Frenchmen grew fewer in number along the route we travelled; Britishers became more and more numerous. Where byways crossed the highroad and in wrecked villages the British already had posted military policemen to guide the traffic and point out the proper directions to bodies of men passing through. Those men stood in midroad giving their orders as calmly and as crisply as though they had been bobbies on the Strand. Even this emergency John Bull’s military system did not disintegrate. As long as the organism lasted the organisation would last too. Nowhere was there any suggestion of confusion or conflict of will. I am prone to think that in the years to come the chief outstanding fact about the great spring offensive of 1918 will be not the way the Germans came forward but the way in which the British fell back.

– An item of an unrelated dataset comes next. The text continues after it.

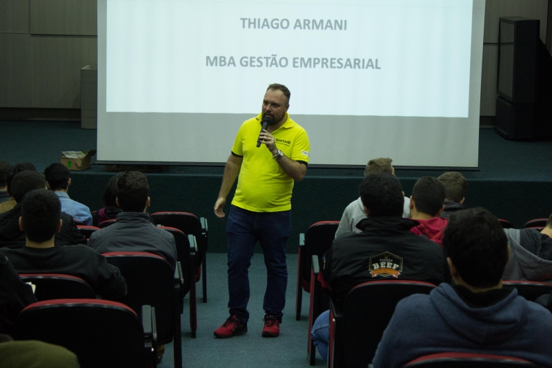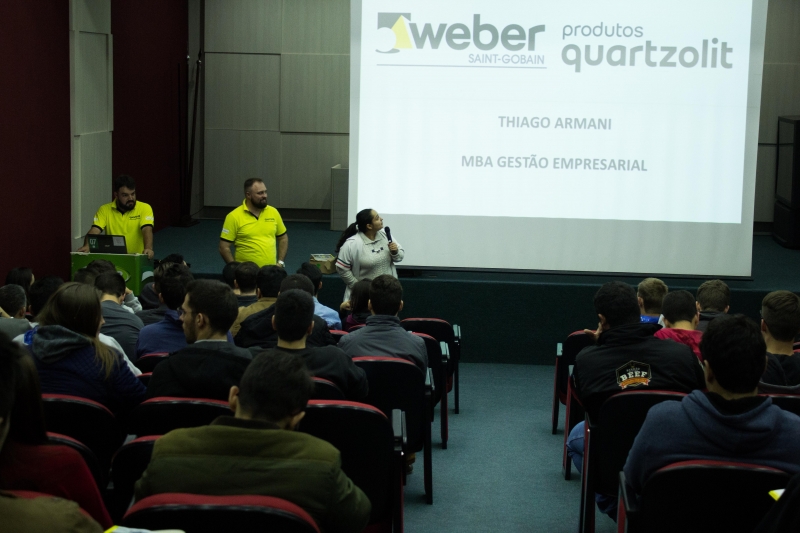 Quem dirigiu a fala aos alunos, de uma forma bem descontraída, foi um dos representantes da Quartizolit, Thiago Armani. Thiago tem MBA em Gestão Empresarial. "Percebemos as constantes mudanças quando visitamos as obras. Vim para auxiliar os futuros profissionais mostrando nosso trabalho e nossos produtos", conta.

Until now we had seen only British foot soldiers, and once or twice officers in motor cars or on horseback; but soon we came upon a battery of British light artillery. It was jolting across muddy pasture among the stumps of apple trees which the Germans with malignant thoroughness had felled before their big retreat of twelve months before. The place had been an orchard once. Now it was merely so much waste land, dedicated to uselessness by efficiency and kultur. The trees, as we could see, had not been blown down by shell fire or hewn down with axes. They had been neatly and painstakingly sawed through, clear down to the earth. Some of the butts measured a foot and a half across, and to have bolls of this size, fruit trees in this country must have attained great age.
The battery took position and went into immediate action behind a covert of willows and scrub at the far side of the ruined orchard. At the moment we did not know that the thicket was a screen along the southern bank of the Oise. At the left of where the guns were speaking was a group of empty and shattered cottages stretching along a single narrow street that ran almost due north and south. Coming opposite the foot of this street we glimpsed at the other end of it a glint of running water, and in the same instant, perhaps two or three miles away farther on across the river, we made out the twin spires of the cathedral of Noyon, for which, as we know, the contending armies had striven for forty-eight hours, and which the evening before had fallen into the enemy’s hands. Literally we were at the front of the Front.